そのおかげで監視役のミリアもダイアナと夫の関係は壊れていると思っていたし前公爵もなかなか手が出せずにいたが、家族との関係が希薄なダイアナなら、いずれは簡単に自分の思い通りになると考えていたようだ。
今回の無理やりの拉致も前公爵からすれば、ダイアナは喜んで他国へ嫁入りするだろうと安易に考えていたようだ。
自分の思い通りになって当たり前の人。愛を求めている寂しいダイアナなら簡単に扱えると思っていたのだ。
人を自分の思うように好き勝手にしてきた前公爵。
ダイアナのことは何があっても守る。俺にとってはダイアナは妹のように守ってやりたい存在だった。でも今は……大切にしたい、常にあの笑顔を守ってやりたい。
いつからか一人の女性として見ていた。それに気がついたのは最近。そろそろ約束の期限も過ぎる、婚約解消の時期だと思うと、婚約解消などせずにずっと彼女の横にいたい、離したくないと感じていることに気がついた。
だけどダイアナは俺のこの気持ちなど全く知らない。今回の事件が解決したら、今度は契約ではなく本当に愛しているから結婚して欲しいとプロポーズするつもりだ。
その時彼女はどんな顔をするのだろう?
嫌がられるか断られるか?
つい悪い方ばかり考えてしまう。
だけどダイアナを手放してはあげられない。
俺はミリア様の尋問を始めた。
「貴女はダイアナを屋敷から攫い監禁した疑いがあります」
「わたし?わたしは何もしていないわ。ダイアナは娘よ?二人で出かけただけだわ」
「では何故ダイアナは納屋の地下にいたのですか?」
「知らないわ。ダイアナが勝手に居なくなったのだもの」
ミリア様はどうしてこんなに平気でいられるのか?
やはり前公爵の力がこの人をこんな態度にさせているのだろうか。
「バーランド前公爵は貴女のことを見捨てますよ?彼にとって不利になる人を庇うわけがありません。彼なら切り捨てるでしょう」
「……え?」
「貴女ほどの優秀な人ならわかっているはずでしょう?前公爵ならどう動くか?」
「……わたしは切り捨てられる?もしくは……口封じ?」
あれだけ横柄な態度をとっていたミリア様も自分が切り捨てられるなどとは思っていなかったようだ。
それだけ前公爵のために尽くしてきたのだろう。だからこそ自分は信頼されていると思っていたようだ。

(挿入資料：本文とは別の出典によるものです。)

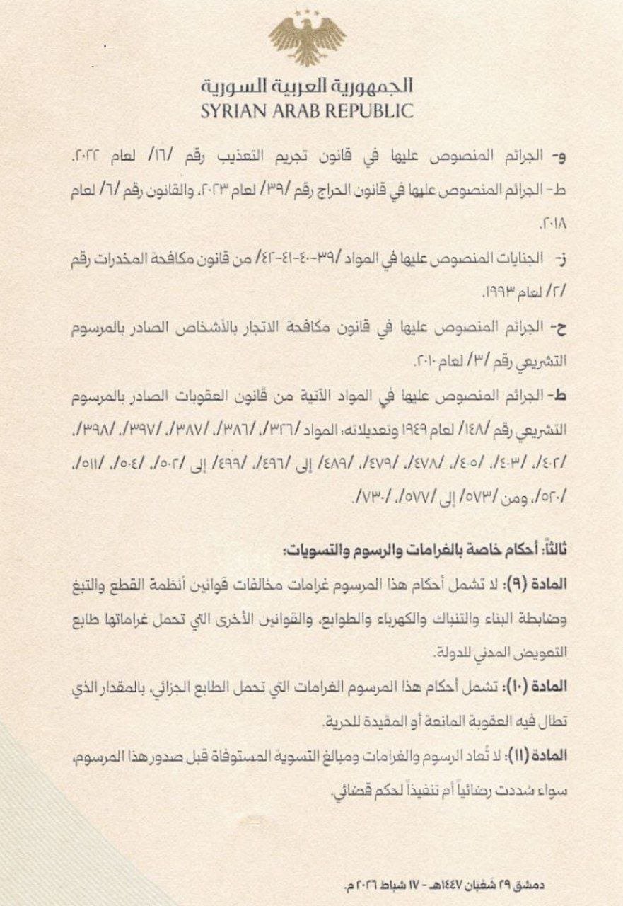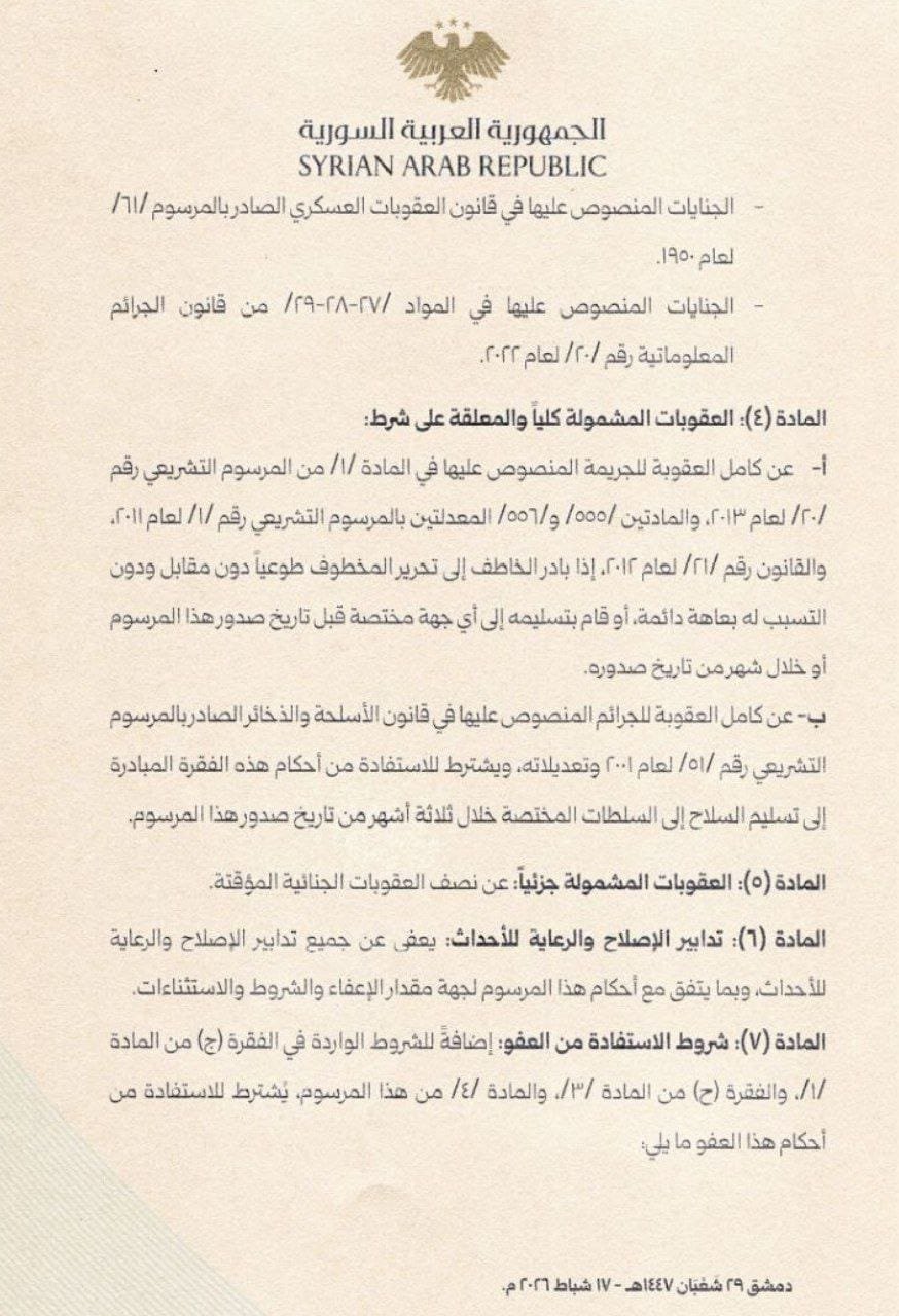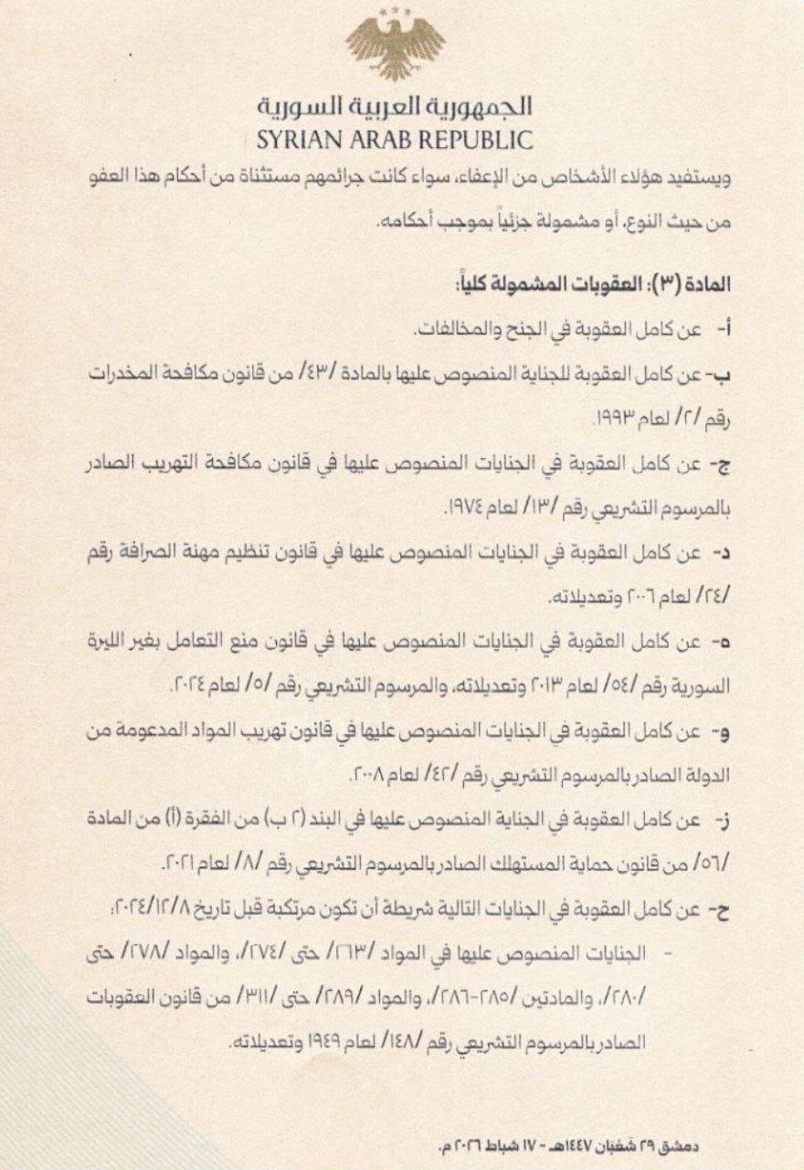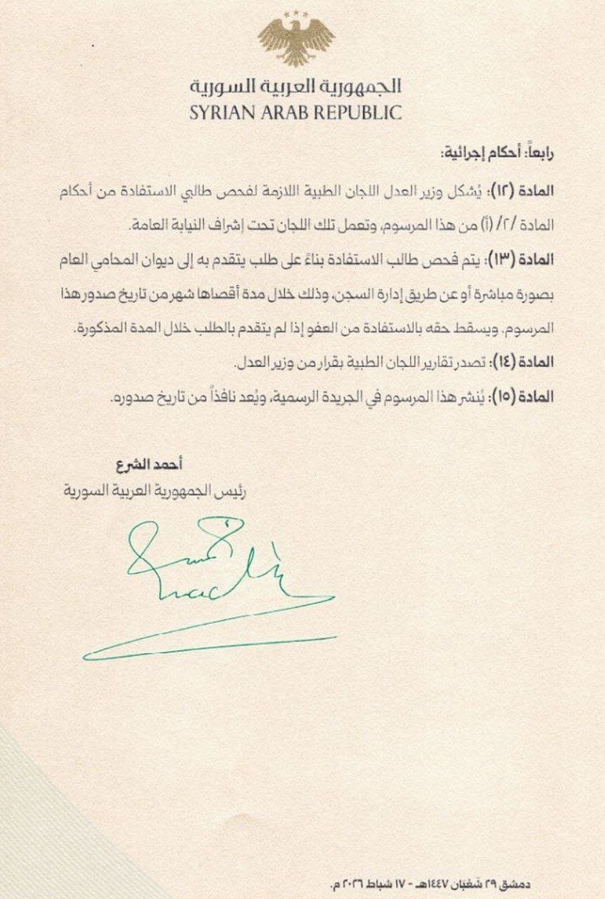 مرسوم رئاسي بالعفو العام في سوريا يشمل الجرائم المرتكبة قبل 17 شباط 2026 مع استثناءات محددة

「自分なら色々知っている貴女は邪魔でしかない。そう思いますね」
「……そんな……」
「貴女の自供次第で助けることはできます。貴女が何も話さないでこの王宮から出ていけば貴女の命はすぐに消えると思いませんか?」
ミリア様は黙って考え込んでいた。
こちらとしてはある程度「影」の証言があるので罪は問える。しかし細かいことはわからないし昔の前公爵のしたことはわからない。
だからこそこの女の証言が必要だった。
「何を話せばわたしの命を保証してくれるの?重要なことを話せばもちろんわたしの罪は少しは軽くしてくれるのでしょうね?」
「……もちろんです」
そう答えて「考えておきます」と聞こえるか聞こえない程度の小さな声で付け加えた。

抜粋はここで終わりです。